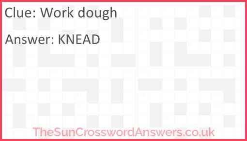 Work dough is a crossword clue for which we have 1 possible answer and we have spotted 9 times in our database. This crossword clue was last seen on 10 March 2025 in The Sun Coffee Time Crossword puzzle!
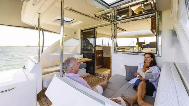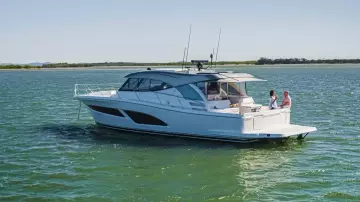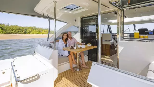 Our SUV motor yachts are truly unique. Single level luxury entertainers with heritage seakeeping capabilities. Brilliant from the keel up, the Riviera 465 SUV has the liveability of a much larger vessel. Flowing out from the saloon, enjoy the comfort, style and ambiance of an alfresco deck. Accommodation is equally impressive with three magnificent staterooms and two bathrooms. And the generous open cockpit is always ready for water-sports action. From bow to boarding platform, you’ll relish the Riviera attention to detail, handcrafted luxury and easy-to-use technology that makes boating even more enjoyable.
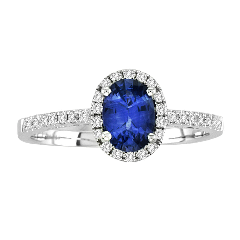 14K White Gold Halo Fashion Ring set with 1 Oval-shape Sapphire (1.13ctw) Blue Shades Color Round-shape side Diamond (0.25ctw) G-H Color SI Clarity. This ring's total carat weight is 1.38ctw.
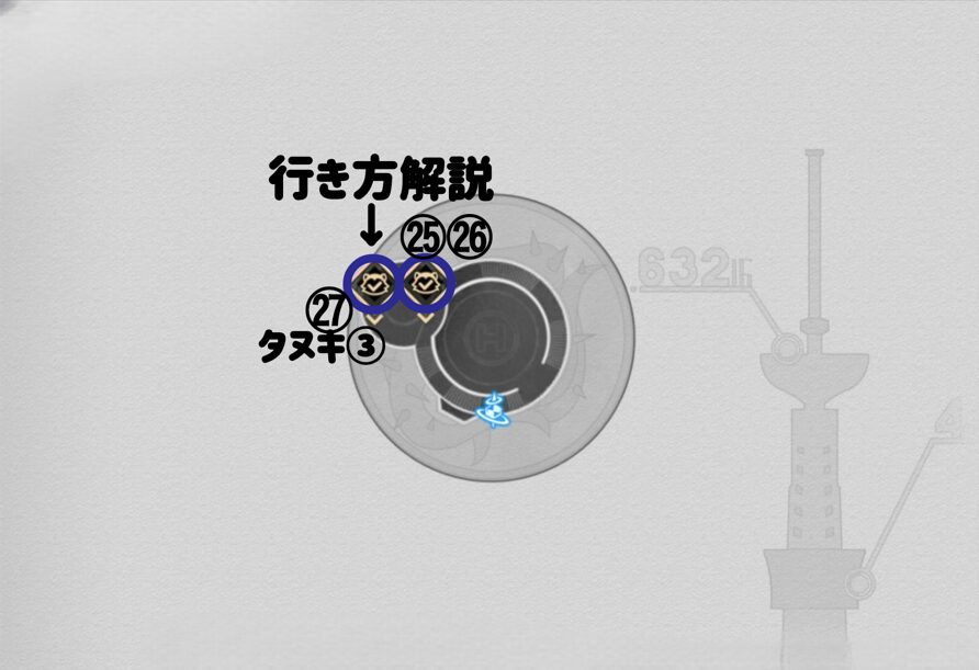 宝箱㉗がある二次元ジャンプは、地上からは向かうことが出来ません。ひとつ前の宝箱㉖を獲得した場所のすぐ近くにある出口から出ましょう。
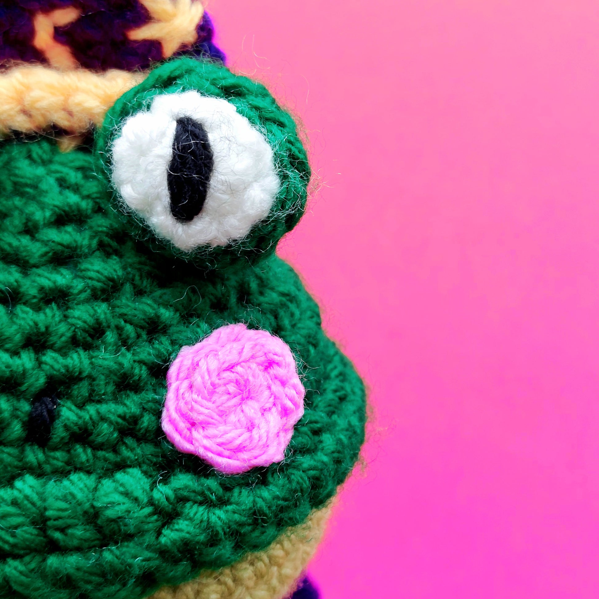 Fizzy the Frog is made with over 200g of chunky yarn and a 4mm crochet hook. The yarn used, quantities and colours is detailed in the pattern.
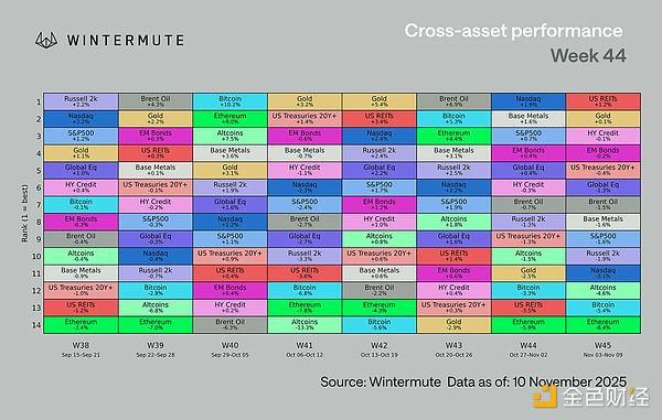 本周市场基调的转变多于方向变化。10 月份暴跌带来的冲击已基本平息,仓位也已调整完毕。尽管加密货币的表现仍然落后于其他风险资产,但整体氛围似乎不再那么脆弱。新闻头条起到了推波助澜的作用。特朗普提出的 2000 美元“刺激计划”(通过关税退税)在周末短暂提振了市场风险情绪,尽管随后被重新解读为税收减免,但它仍然达到了目的:提醒市场财政支持仍在发挥作用。此外,市场对美国政府停摆结束的希望重燃,以及宏观经济数据走软,都为交易员提供了选择性承担风险的理由。数字资产仍然是表现最差的跨资产类别,这表明市场情绪可能正在改善,但资金流动尚未跟上。

* **Work to complete**
When you print the entries, keep every line exactly as it is and drop the pictures.

* **Answer for this exercise**
 Work dough is a crossword clue for which we have 1 possible answer and we have spotted 9 times in our database. This crossword clue was last seen on 10 March 2025 in The Sun Coffee Time Crossword puzzle!
 Our SUV motor yachts are truly unique. Single level luxury entertainers with heritage seakeeping capabilities. Brilliant from the keel up, the Riviera 465 SUV has the liveability of a much larger vessel. Flowing out from the saloon, enjoy the comfort, style and ambiance of an alfresco deck. Accommodation is equally impressive with three magnificent staterooms and two bathrooms. And the generous open cockpit is always ready for water-sports action. From bow to boarding platform, you’ll relish the Riviera attention to detail, handcrafted luxury and easy-to-use technology that makes boating even more enjoyable.
 14K White Gold Halo Fashion Ring set with 1 Oval-shape Sapphire (1.13ctw) Blue Shades Color Round-shape side Diamond (0.25ctw) G-H Color SI Clarity. This ring's total carat weight is 1.38ctw.
 宝箱㉗がある二次元ジャンプは、地上からは向かうことが出来ません。ひとつ前の宝箱㉖を獲得した場所のすぐ近くにある出口から出ましょう。
 Fizzy the Frog is made with over 200g of chunky yarn and a 4mm crochet hook. The yarn used, quantities and colours is detailed in the pattern.
 本周市场基调的转变多于方向变化。10 月份暴跌带来的冲击已基本平息,仓位也已调整完毕。尽管加密货币的表现仍然落后于其他风险资产,但整体氛围似乎不再那么脆弱。新闻头条起到了推波助澜的作用。特朗普提出的 2000 美元“刺激计划”(通过关税退税)在周末短暂提振了市场风险情绪,尽管随后被重新解读为税收减免,但它仍然达到了目的:提醒市场财政支持仍在发挥作用。此外,市场对美国政府停摆结束的希望重燃,以及宏观经济数据走软,都为交易员提供了选择性承担风险的理由。数字资产仍然是表现最差的跨资产类别,这表明市场情绪可能正在改善,但资金流动尚未跟上。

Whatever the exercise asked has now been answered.